In [1]:
%%capture
!pip install -r requirements.txt

## Data Export

This notebook exports Reddit data from r/movies for social network analysis using a **hybrid approach**:
1. **Pushshift API** - Get post IDs from specific date range (no 1000-post limit)
2. **Reddit API (PRAW)** - Fetch current post data with up-to-date scores and comments

This allows us to collect historical data while getting the most current engagement metrics.

### Imports

In [2]:
import pandas as pd
from datetime import datetime, timedelta

from utils.reddit_utils import get_reddit_instance, fetch_post_ids_by_daterange, fetch_posts_by_ids
from utils.file_utils import save_to_csv, read_from_csv, save_to_json, read_from_json, file_exists, get_date_range

In [3]:
reddit = get_reddit_instance()

print(f"Read-only mode: {reddit.read_only}")
print(f"User agent: {reddit.config.user_agent}")

Read-only mode: True
User agent: Miserable_Seaweed691


### Data Extraction

In [4]:
start_date, end_date = get_date_range(
    '2024-07-01', '2024-08-01'
)

subreddit_name = 'movies'
date_format = "%Y%m%d"

post_ids_filename = f'id_{subreddit_name}_{start_date.strftime(date_format)}_{end_date.strftime(date_format)}.json'
posts_filename = f'{subreddit_name}_{start_date.strftime(date_format)}_{end_date.strftime(date_format)}.csv'

In [None]:
if file_exists(post_ids_filename):
    post_ids = read_from_json(post_ids_filename)
else:
    post_ids = fetch_post_ids_by_daterange(
        subreddit_name,
        start_date, end_date,
        limit=2000,
        reddit=reddit
    )
    save_to_json(post_ids, post_ids_filename)

if file_exists(posts_filename):
    posts = read_from_csv(posts_filename)
else:
    posts = fetch_posts_by_ids(reddit, post_ids)
    save_to_csv(posts, posts_filename)

Fetching post IDs (2024-07-01 to 2024-08-01)...


Not all PushShift shards are active.
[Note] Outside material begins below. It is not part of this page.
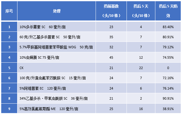 由此试验可以看出,齐鲁植保的10%多杀霉素悬浮剂防治小菜蛾效果较好,60毫升/亩药后5天死虫率达83.40%,优于绝大多数常见药剂。

Query results may be incomplete.


Fetching 0 posts...


[Official Pushshift website](https://pushshift.io/signup)

```
{
    detail: "User is not an authorized moderator."
}
```

Pushshift now only allows access to Reddit-authorized moderators, and only for mod-related purposes (moderation, safety, guideline enforcement), so a regular Reddit user (or a non-mod script) will be blocked exactly with that message.